# Cleaning Routine and Tips? - I Adopted More Rats



## TheNameIsWater (May 8, 2018)

Hello friends!

I recently adopted 3 rats, and so now have 4 rats. I’m used to just having 2, and it’s become rapidly clear that my old cleaning routine does NOT cut it. So I’m asking for you all to share your cleaning routine! Daily/weekly/monthly if you’d like to!


Info about my cage:

Single Critter Nation
4 Male Rats
Bedding: Incontinence Pads below Fleece liners
Litter Box: Corner with a scatter guard, using Yesterday’s News litter
Hides: one simple wooden, 1 bend-a-bridge, 1 plastic stepped barn thing, 1 Space Pod, occasionally swap in a cardboard box
Accessories: lava ledges below water bottles, 2 wooden ledges for steps to shelf, 1 plastic dollar tree basket, 2 pencil holder basket things, t-shirts for nesting, fleece scraps, some packaging paper


Previously I really only NEEDED to clean the cage once a week.
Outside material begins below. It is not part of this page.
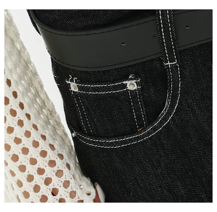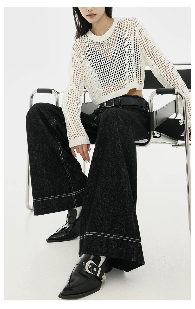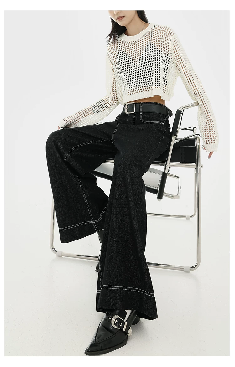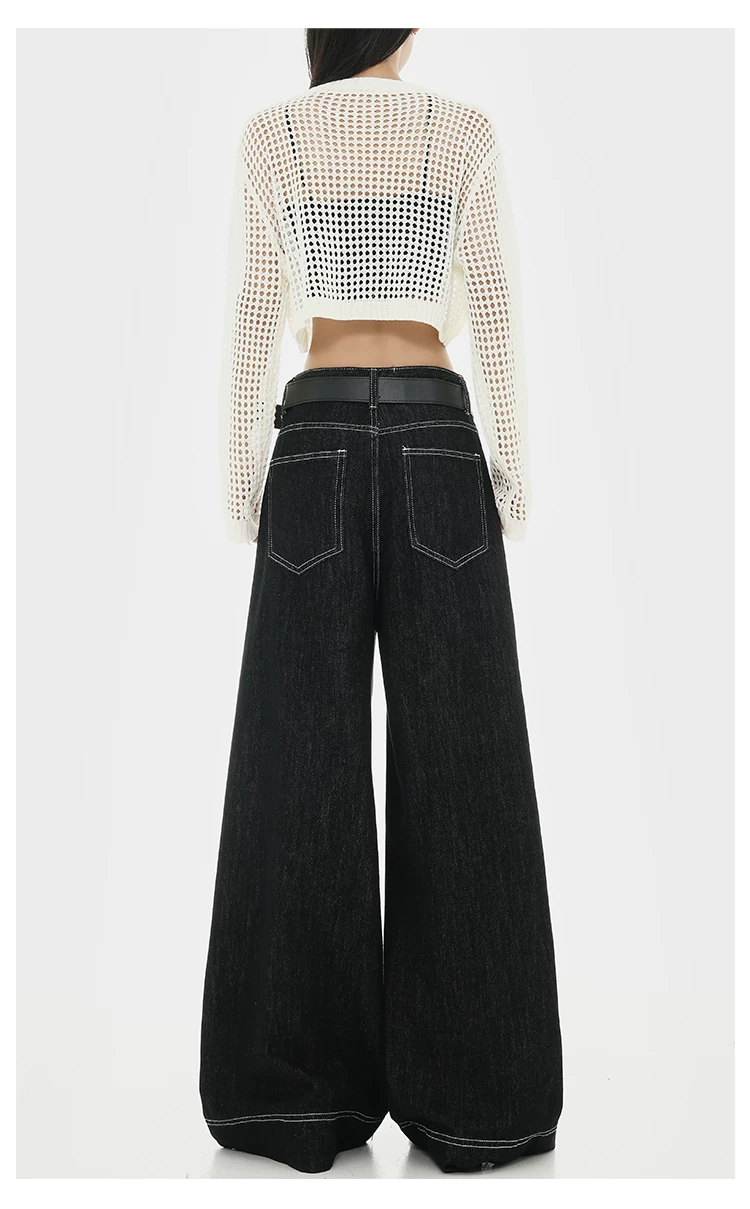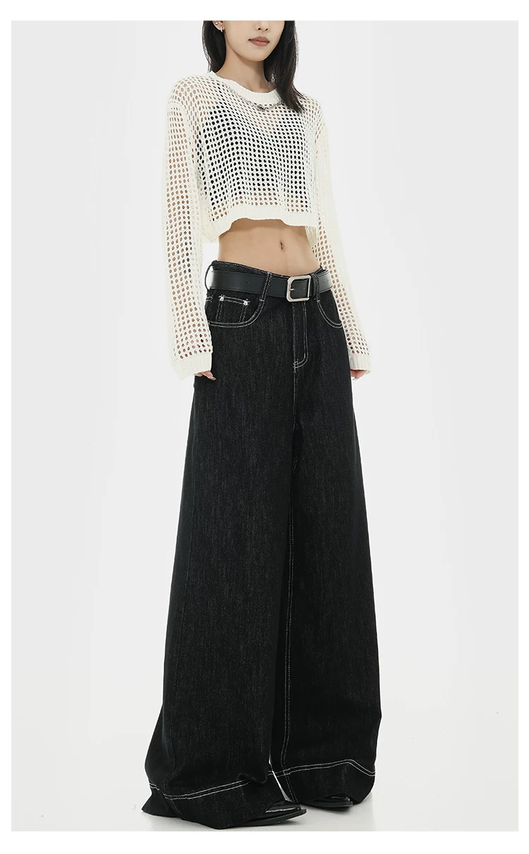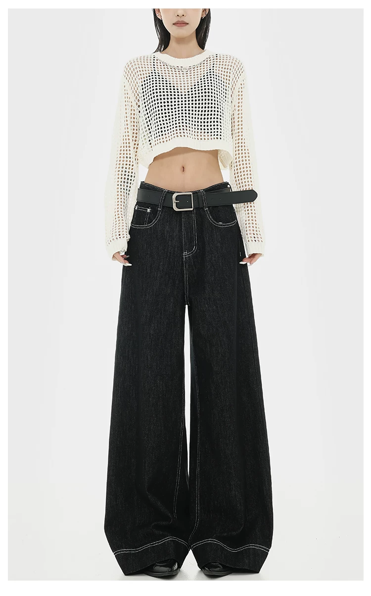 - KEN STUDIO Xuân Thu Mới Phong Cách Retro Mỹ Thiết Kế Đường May Đen Quần Jean Ống Thẳng Quần Ống Rộng Cao Cho Nữ

Sometimes it got a little smelly midway and I’d replace nesting material and it’d be fine. Now it can become smelly within a couple of days. I’m planning to do a big deep clean at the end of this week but otherwise I’m just kind of winging it.

I ordered replacements for the wooden hides too bc those in particular have become utterly soaked with urine and did not improve with cleaning the last time.


My old routine was:

Daily: pick up stray poops if it crowds the cage
Weekly: empty litter box, wash pads and fleece, spray and wipe down pans and accessories with equal parts water and vinegar solution, wash water bottles
Monthly: spray down whole cage with vinegar and water solution and wipe clean. Rearrange cage setup. Soak heavily soiled accessories in hot water and vinegar


I’d seriously LOVE any advice you all have to share! I know I haven’t tried EVERYTHING yet but I’m not sure what to be trying or aiming for.

Thank you all!


----------



## CorbinDallasMyMan (Feb 24, 2017)

I've definitely noticed that for each additional rat, the cage gets smelly noticeably quicker. Cage size and bedding choices also make a huge difference. I currently have 6 boys in a 16 cubic foot cage. I use aspen on the floor of the cage, fleece/UHaul padding "mats" on the platforms, 3 litter boxes with fragrance free Exquisicat or SoPhresh paper pellets, a couple huts/baskets, several lava ledges and bendy rope perches, a few PVC perches, and many fleece/flannel/cotton hammocks. It doesn't take long at all for smell to accumulate. Like you, I'm doing at least a little bit of maintenance every day. 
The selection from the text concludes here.